Plans
to stop recruiting doctors from overseas will do little to reduce the
oversupply of professionals in cities but will worsen rural doctor shortages,
according to Mr Mark Burdack, Executive Director of the Murray Darling Medical
School initiative.
"Reduced recruitment of international doctors will mean higher rates of unnecessary deaths in rural and regional Australia. Many rural towns are reliant on overseas doctors to meet the basic health needs of their communities. This is because city-educated Australian medical graduates continue to shun rural practice.
"The problem, as city medical schools have conceded, is that city-educated Australian medical graduates just don't want to work in the bush."
Mr Burdack said, "In the most recent survey of medical graduate attitudes to rural practice, 85 per cent of final year students indicated a preference for urban practice. And you simply cannot meet the needs of 30 per cent of the population with 15 per cent of the doctors."
"The immediate establishment of the proposed Murray Darling Medical School would play a vital role in replacing overseas sourced doctors with Australian medical graduates committed to practising in the bush."
Rural-based medical schools have been proven to increase rural doctor numbers by preferentially selecting rural students who want to work in their own communities, and providing them with education and training in rural and regional areas.
In 2012 the plan to open a rural medical school in western NSW was endorsed by a Senate inquiry into rural doctor shortages, and then in the 2013 election the Nationals made a public commitment to rural Australians to deliver the Murray Darling Medical School while in government.

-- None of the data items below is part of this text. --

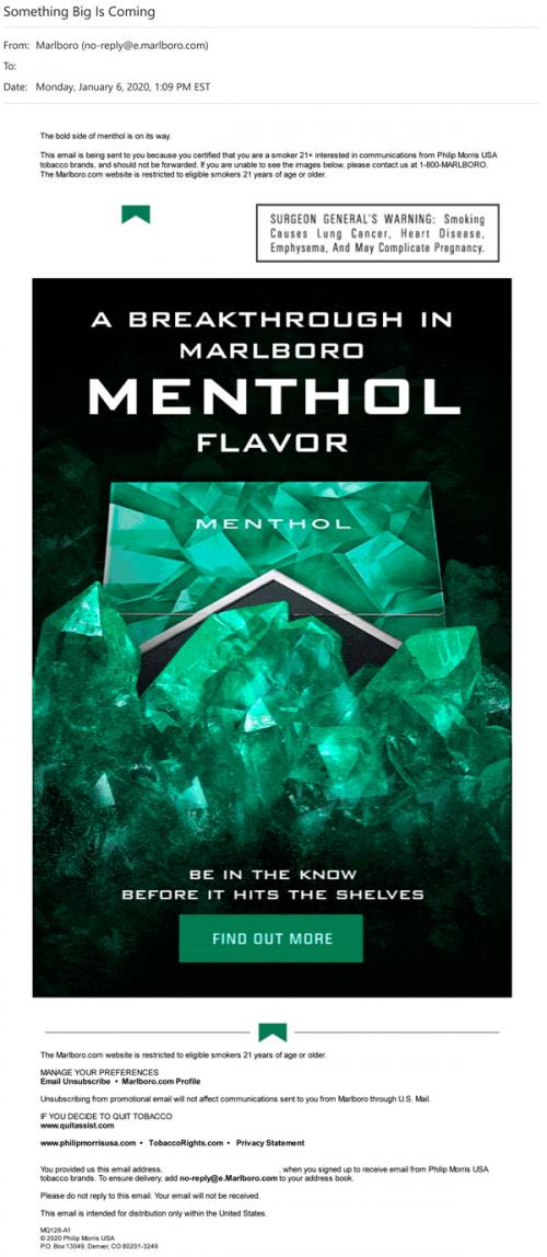 Email from Marlboro in January 2020 promoting a new menthol product. Links to the brand website to learn more.
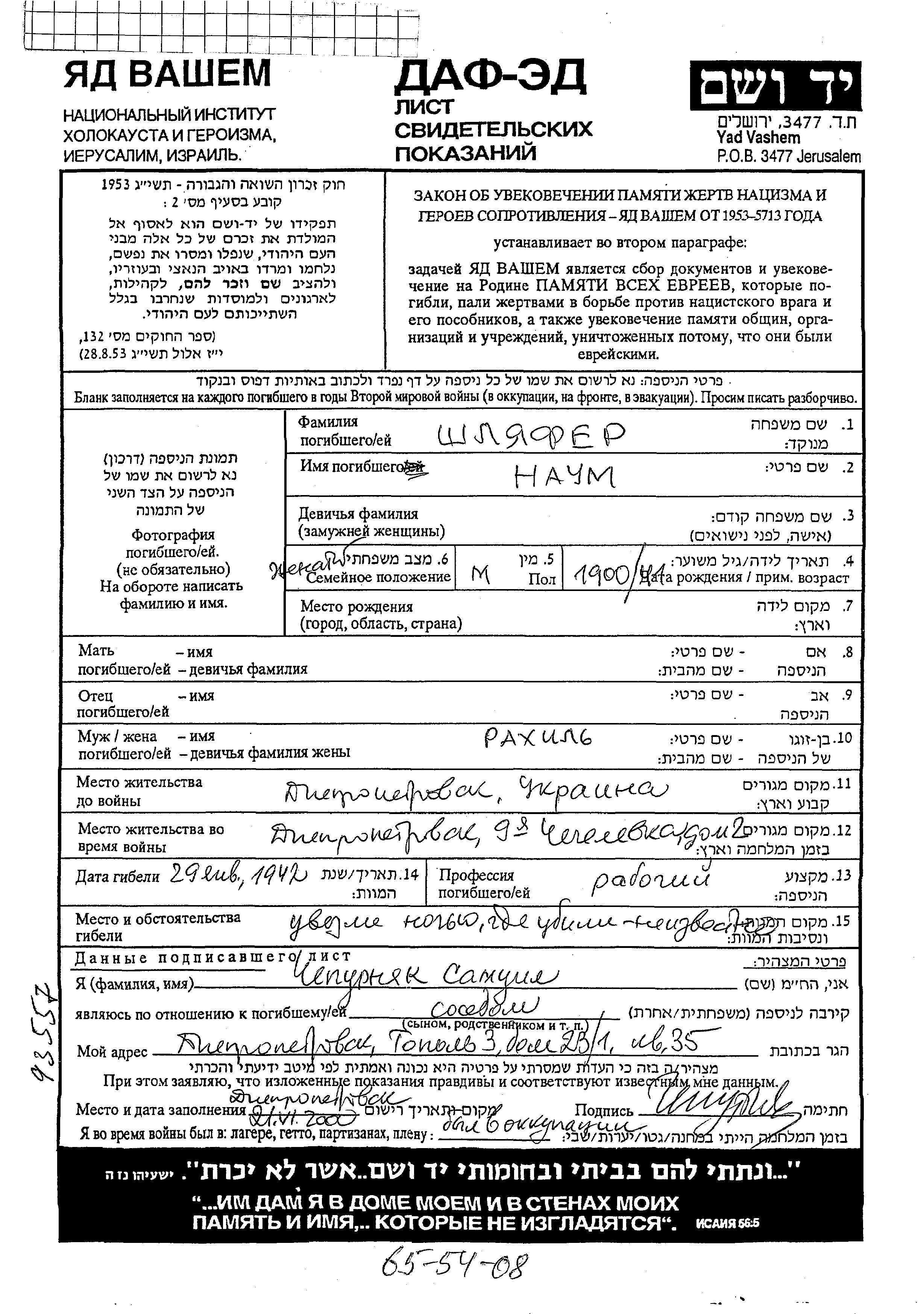 Shlyafer Nakhum 1900 Dnepropetrovsk, Ukraine (URSS) Feuille de témoignage
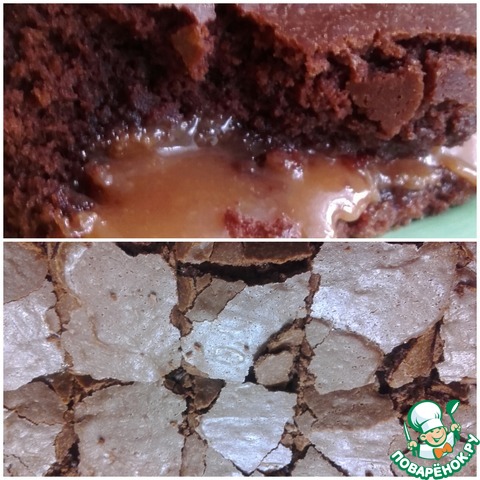 Потрясающе вкусный десерт! Очень шоколадный, очень нежный. Сверху-хрупкая корочка, внутри - мягкий, влажный, с мягкой карамельной прослойкой. Из доступных продуктов, благодаря несложному приготовлению, получаем необыкновенное лакомство!!
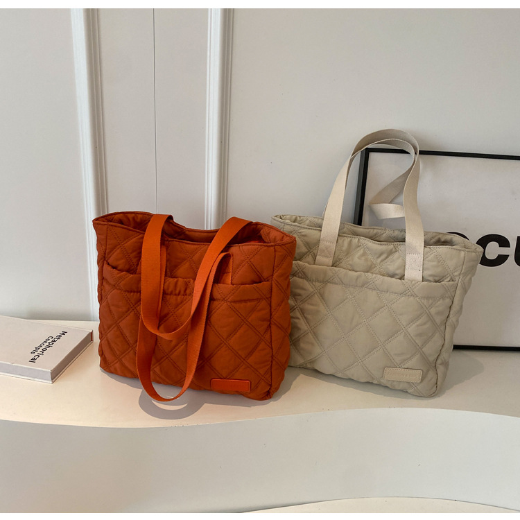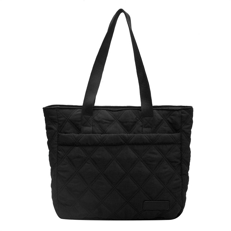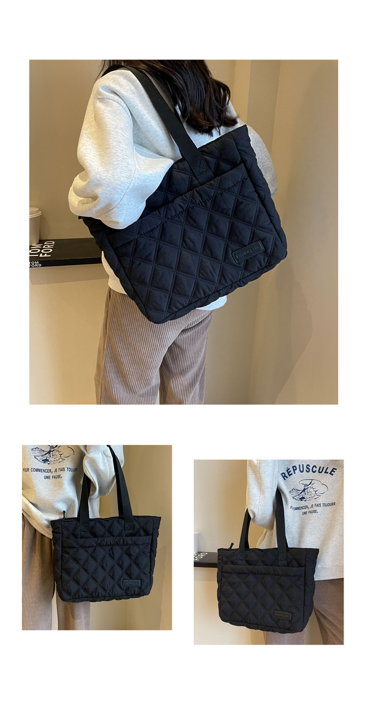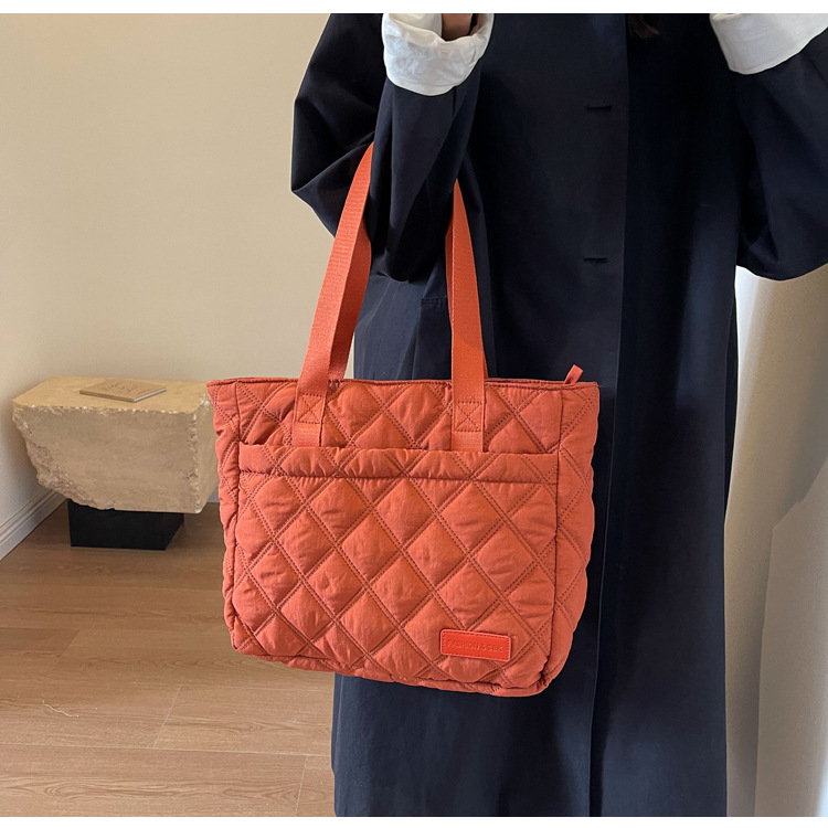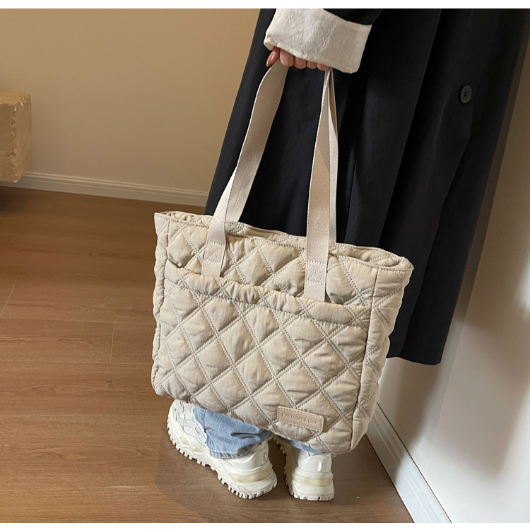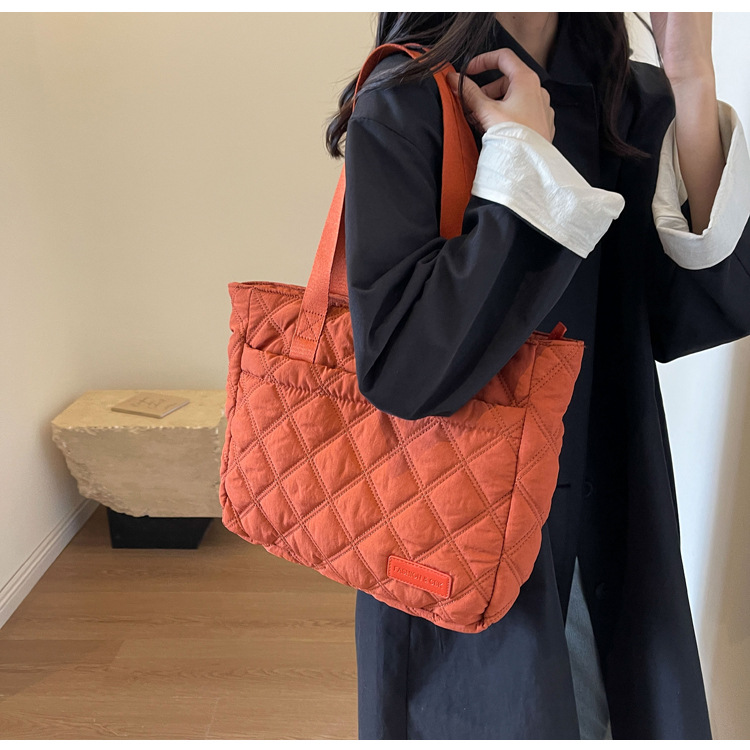 대용량 마름모꼴 토트 백 여성 가방 2024 가을과 겨울 새로운 면 가방 단색 간단한 캐주얼 휴대용 어깨 가방
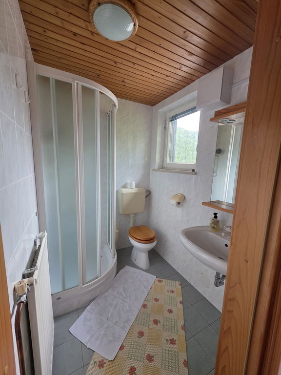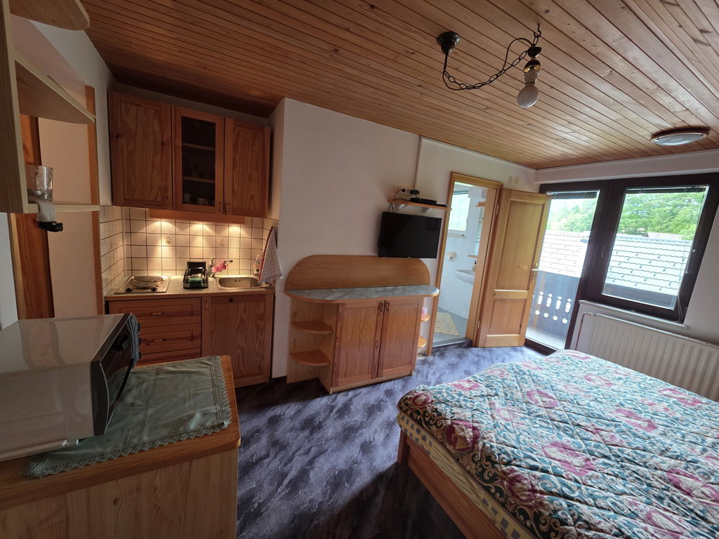 Kopalnica s tušem (2,6m2) ter soba (13,6m2) z manjšim predprostorom, kuhinjo, jedilnico in posteljo z izhodom na balkon 4,7m2 (ima stranski pogled na jezero).
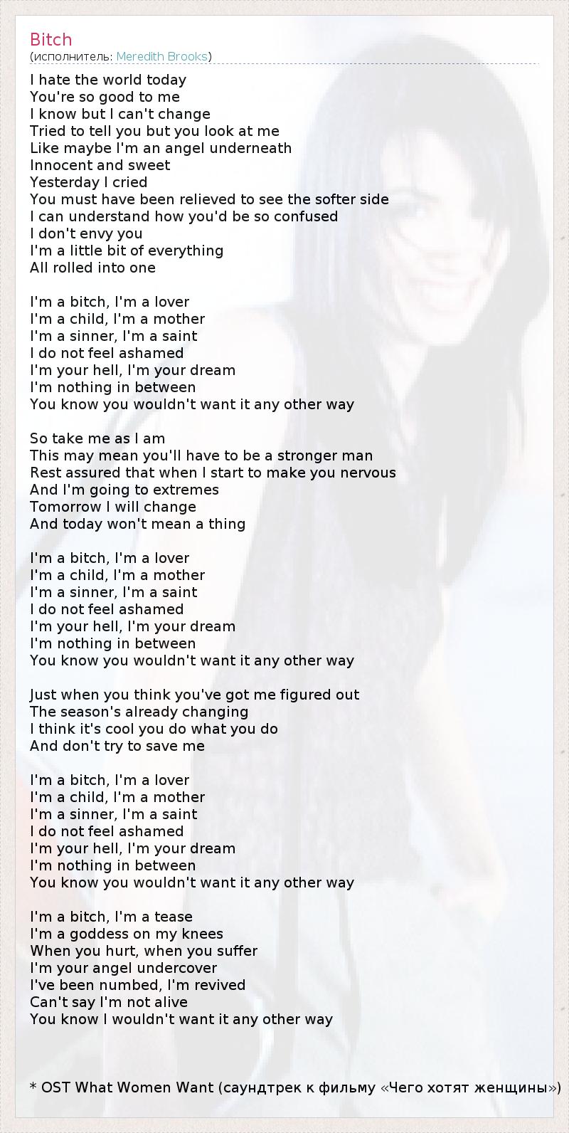Это интересно:Мередит Брукс родилась в 1958 году в Орегон Сити, штат Орегон, США. После развода родителей вместе с матерью, братом и сестрой они переехали в Корвалис, штат Орегон. В одиннадцатилетнем возрасте Брукс увлеклась игрой на гитаре. Проявив успехи в учебе и сдав несколько классов экстерном она в 15 лет становится выпускницей Corvallis High School. В начале 1980х Брукс выступает в клубах Willamette Valley, Oregon и Washington,... продолжение

The National Party has also recently reiterated its commitment to the Murray Darling Medical School following the 2016 election.
Mr Burdack said, "In northern Queensland, James Cook University has proven that rural medical schools can help to fix rural doctor shortages.
"Charles Sturt University and La Trobe University submitted a plan three years ago to establish the Murray Darling Medical School to address shortages in the most seriously under-serviced areas of western New South Wales and northern Victoria.
"There are hundreds of young rural Australians anxiously waiting on the government to announce when they will be able to enrol in a local medical program following the commitment to deliver the Murray Darling Medical School that was made in 2013," Mr Burdack said.
"Now the plans to stop overseas recruitment of doctors makes a decision on the Murray Darling Medical School even more urgent for rural Australia."